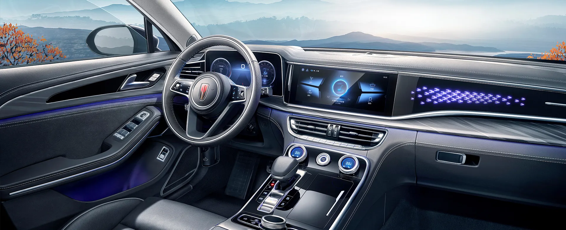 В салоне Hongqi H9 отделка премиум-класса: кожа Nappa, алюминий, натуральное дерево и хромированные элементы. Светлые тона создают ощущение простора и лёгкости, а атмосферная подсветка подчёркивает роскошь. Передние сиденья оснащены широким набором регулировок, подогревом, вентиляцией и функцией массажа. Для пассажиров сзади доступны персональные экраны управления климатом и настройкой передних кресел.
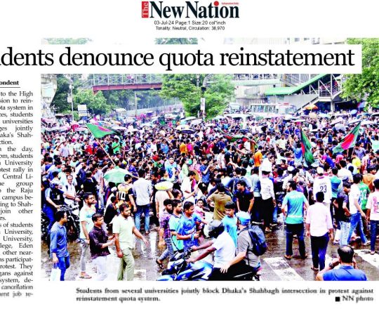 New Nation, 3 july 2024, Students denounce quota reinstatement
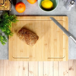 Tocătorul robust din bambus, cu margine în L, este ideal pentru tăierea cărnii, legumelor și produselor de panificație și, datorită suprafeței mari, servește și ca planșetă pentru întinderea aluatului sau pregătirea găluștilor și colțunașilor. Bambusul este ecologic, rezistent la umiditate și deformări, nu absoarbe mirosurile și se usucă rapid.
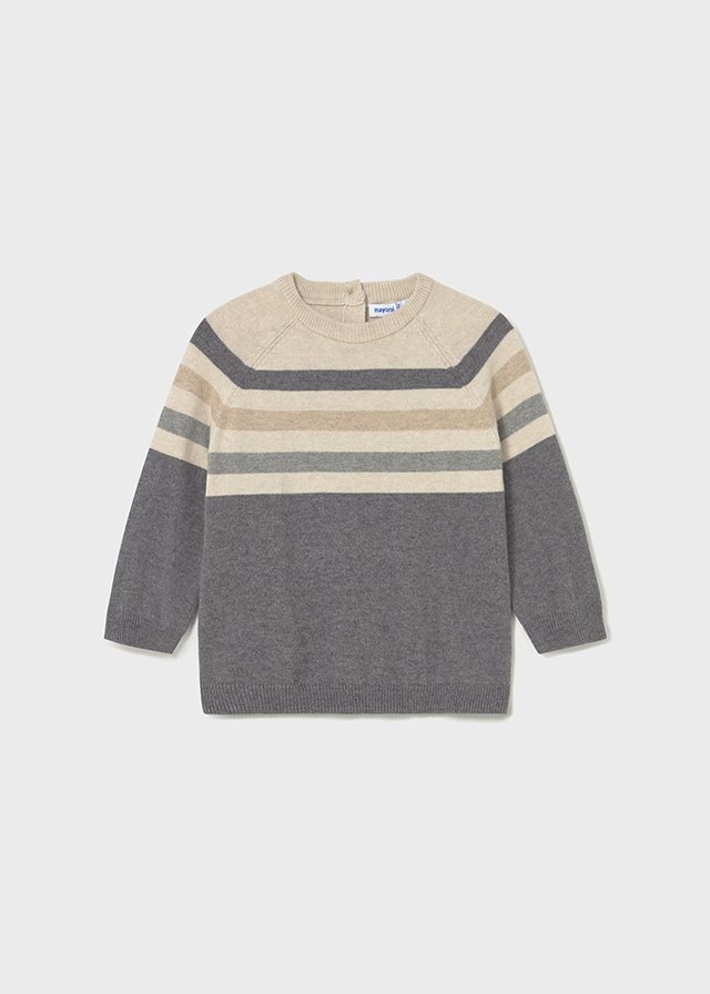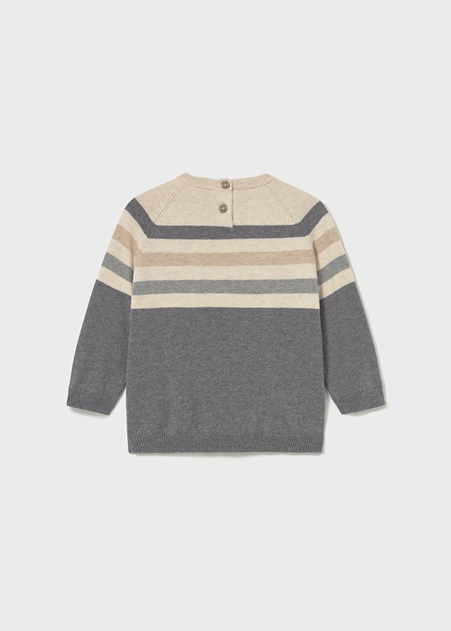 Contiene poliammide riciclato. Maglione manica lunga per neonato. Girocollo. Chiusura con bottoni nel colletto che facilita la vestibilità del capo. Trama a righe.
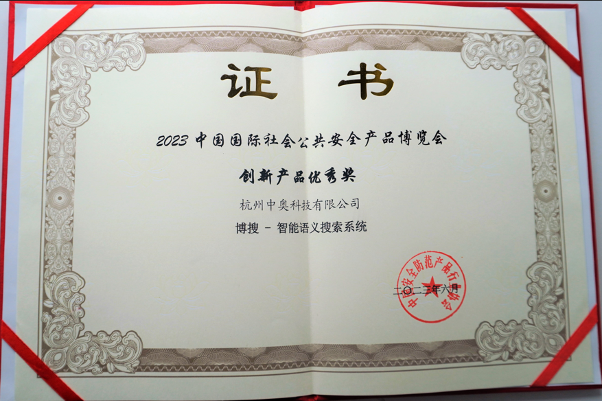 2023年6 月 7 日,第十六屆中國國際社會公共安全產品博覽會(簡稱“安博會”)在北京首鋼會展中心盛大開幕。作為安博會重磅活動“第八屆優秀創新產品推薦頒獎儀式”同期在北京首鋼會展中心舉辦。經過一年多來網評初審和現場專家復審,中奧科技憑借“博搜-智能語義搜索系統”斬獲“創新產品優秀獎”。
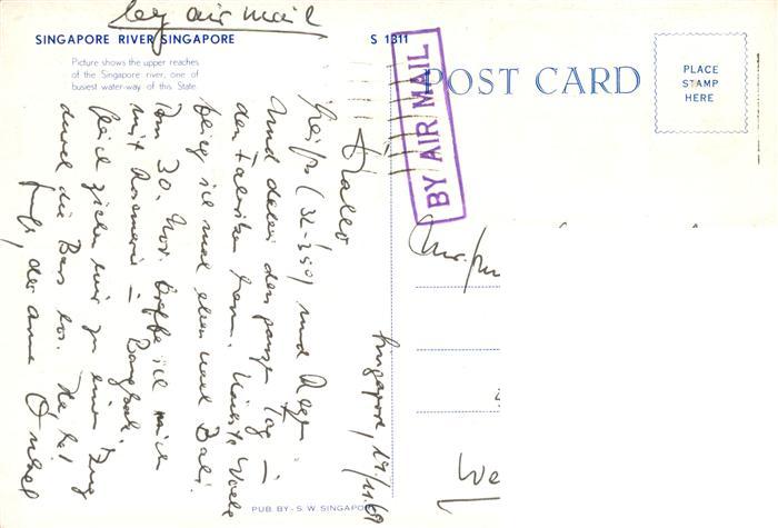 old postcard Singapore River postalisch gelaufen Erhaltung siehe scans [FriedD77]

# BRIEF
The response should repeat each record precisely and contain no pictures.

# ANSWER TO THE PROBLEM
 В салоне Hongqi H9 отделка премиум-класса: кожа Nappa, алюминий, натуральное дерево и хромированные элементы. Светлые тона создают ощущение простора и лёгкости, а атмосферная подсветка подчёркивает роскошь. Передние сиденья оснащены широким набором регулировок, подогревом, вентиляцией и функцией массажа. Для пассажиров сзади доступны персональные экраны управления климатом и настройкой передних кресел.
 New Nation, 3 july 2024, Students denounce quota reinstatement
 Tocătorul robust din bambus, cu margine în L, este ideal pentru tăierea cărnii, legumelor și produselor de panificație și, datorită suprafeței mari, servește și ca planșetă pentru întinderea aluatului sau pregătirea găluștilor și colțunașilor. Bambusul este ecologic, rezistent la umiditate și deformări, nu absoarbe mirosurile și se usucă rapid.
 Contiene poliammide riciclato. Maglione manica lunga per neonato. Girocollo. Chiusura con bottoni nel colletto che facilita la vestibilità del capo. Trama a righe.
 2023年6 月 7 日,第十六屆中國國際社會公共安全產品博覽會(簡稱“安博會”)在北京首鋼會展中心盛大開幕。作為安博會重磅活動“第八屆優秀創新產品推薦頒獎儀式”同期在北京首鋼會展中心舉辦。經過一年多來網評初審和現場專家復審,中奧科技憑借“博搜-智能語義搜索系統”斬獲“創新產品優秀獎”。
 old postcard Singapore River postalisch gelaufen Erhaltung siehe scans [FriedD77]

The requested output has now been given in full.